» **Your objective**
Reproduce all of the data exactly. Images are not to appear in the reply.

» **Dataset section**
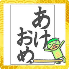 かわいいカッパの毎日つかえる挨拶と返事です。期間限定販売の年末年始の挨拶につかえる、あけましておめでとう、ことよろ、賀正など。毛筆で巨大な習字も書いてます。
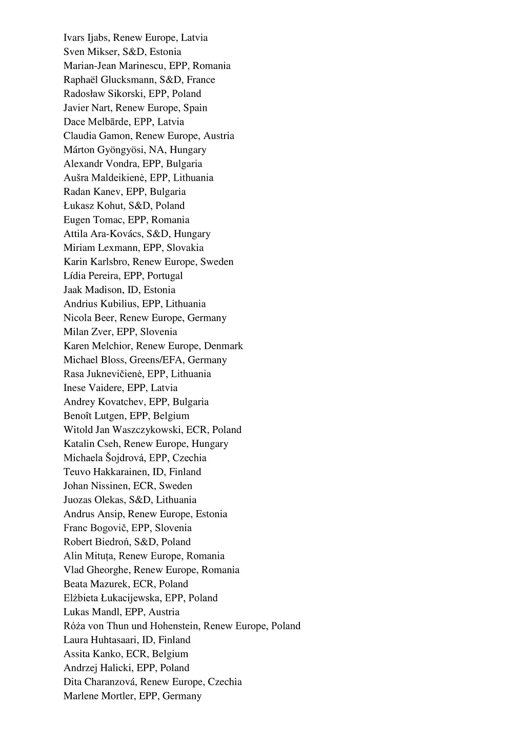 Свої підписи під заявою поставили Євродепутат від Німеччини Міхаель Галлер (EPP), Євродепутат від Польщі Влодзімеж Цимошевич (S&D), Євродепутат від Польщі Анна Фотига (ECR), Євродепутат від Франції Наталі Луазо (Renew Europe), Євродепутат від Швеції Шарль Веймер (ECR), Євродепутат від Естонії Урмас Пает (Renew Europe), Євродепутат від Латвії Іварс Іябс (Renew Europe), Євродепутат від Естонії Свен Міксер (S&D), Євродепутат від Франції Рафаель Глюксманн (S&D), Євродепутат від Литви Андрюс Кубілюс (EPP), Євродепутат від Німеччини Міхаель Блосс (Greens/EFA), Євродепутат від Угорщини Аттіла ара Ковач (S&D) та багато інших.
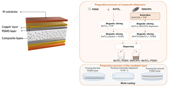 | Type of Composite | BaTiO3 Concentration | MWCNTs Concentration | Composite Thickness |
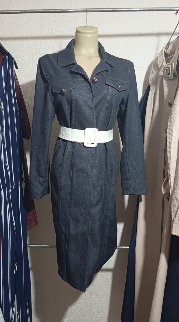 Gri renkli uzun denim kaban, düğmeli ve kesimli yaka detaylarına sahiptir. Regular fit ve uzun kolludur, günlük ve iş tarzına uygundur.

» **Response box**
 かわいいカッパの毎日つかえる挨拶と返事です。期間限定販売の年末年始の挨拶につかえる、あけましておめでとう、ことよろ、賀正など。毛筆で巨大な習字も書いてます。
 Свої підписи під заявою поставили Євродепутат від Німеччини Міхаель Галлер (EPP), Євродепутат від Польщі Влодзімеж Цимошевич (S&D), Євродепутат від Польщі Анна Фотига (ECR), Євродепутат від Франції Наталі Луазо (Renew Europe), Євродепутат від Швеції Шарль Веймер (ECR), Євродепутат від Естонії Урмас Пает (Renew Europe), Євродепутат від Латвії Іварс Іябс (Renew Europe), Євродепутат від Естонії Свен Міксер (S&D), Євродепутат від Франції Рафаель Глюксманн (S&D), Євродепутат від Литви Андрюс Кубілюс (EPP), Євродепутат від Німеччини Міхаель Блосс (Greens/EFA), Євродепутат від Угорщини Аттіла ара Ковач (S&D) та багато інших.
 | Type of Composite | BaTiO3 Concentration | MWCNTs Concentration | Composite Thickness |
 Gri renkli uzun denim kaban, düğmeli ve kesimli yaka detaylarına sahiptir. Regular fit ve uzun kolludur, günlük ve iş tarzına uygundur.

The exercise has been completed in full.